In Adams v. O'Reilly Automotive, Inc.—a case decided last week by a panel of 8th Circuit judges—the Court reaffirmed the strength of the Ellerth/Faragher defense for employers in sexual harassment cases. In this case, the plaintiff argued of a multiple year history of harassment on the part of one of defendant’s supervisors.
The Ellerth-Faragher defense requires an employer to demonstrate that it “exercised reasonable care to prevent and correct promptly any sexually harassing behavior.” Faragher, 524 U.S. at 807. Proof that an employer had promulgated an anti-harassment policy “is not necessary in every instance,” id., but “distribution of a valid anti-harassment policy provides compelling proof” that an employer exercised reasonable care in preventing and promptly correcting sexual harassment. Weger v. City of Ladue, 500 F.3d 710, 719 (8th Cir. 2007).
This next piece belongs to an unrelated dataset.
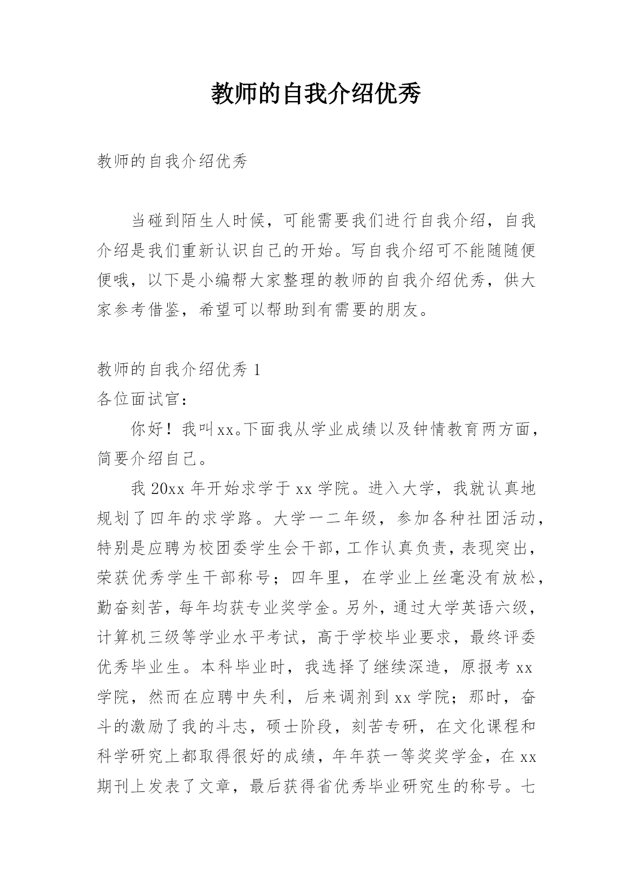 教师的自我介绍优秀教师的自我介绍优秀当碰到陌生人时候,可能需要我们进行自我介绍,自我介绍是我们重新认识自己的开始。写自我介绍可不能随随便便哦,以下是小编帮大家整理的教师的自我介绍优秀,供大家参考借鉴,希望可以帮助到有需要的朋友。教师的自我介绍优秀1各位面试官:你好!我叫xx。下面我从学业成绩以及钟情教育两方面,简要介绍自己。我20xx年开始求学于xx学院。进入大学,我就认真地规划了四年的求学路。大学一二年级,参加各种社团活动,特别是应聘为校团委学生会干部,工作认真负责,表现突出,荣获优秀学生干部称号;四年

In this case, there was no dispute that O'Reilly had promulgated and disseminated an anti-harassment policy; rather, the parties disputed whether the policy was reasonable and properly enforced. One of Adams arguments was that the policy required a witness to corroborate the harassment. The 8th Circuit found nothing objectionable in O'Reilly requiring “some kind of confirmation of sexual harassment” before taking action against alleged harassers. Indeed, the Court found that a corroborating witness “rightly honors the vaunted principle that the burden of proof is on the accuser, and it prevents discrimination against those accused of sexual harassment.”
After establishing that the O’Rielly policy was reasonable, the Court then found that Adams’ delay in reporting the harassment was unreasonable and that O’Reilly’s immediate response after she reported the harassment was sufficient. Adams argued that her delay in reporting was reasonable in light of her fear of retaliation; however, the 8th Circuit stated that “fear of retaliation” is not generally an excuse for failing to report sexual harassment.
The Panel concluded that, where an effective policy against sexual harassment is in place, the employer “as a matter of law” has satisfied its duty to inform itself about its employees’ behavior. This case again shows that the strongest defense an employer (public or private) has to sexual harassment claims is to implement an anti-harassment policy and swiftly respond to harassment claims.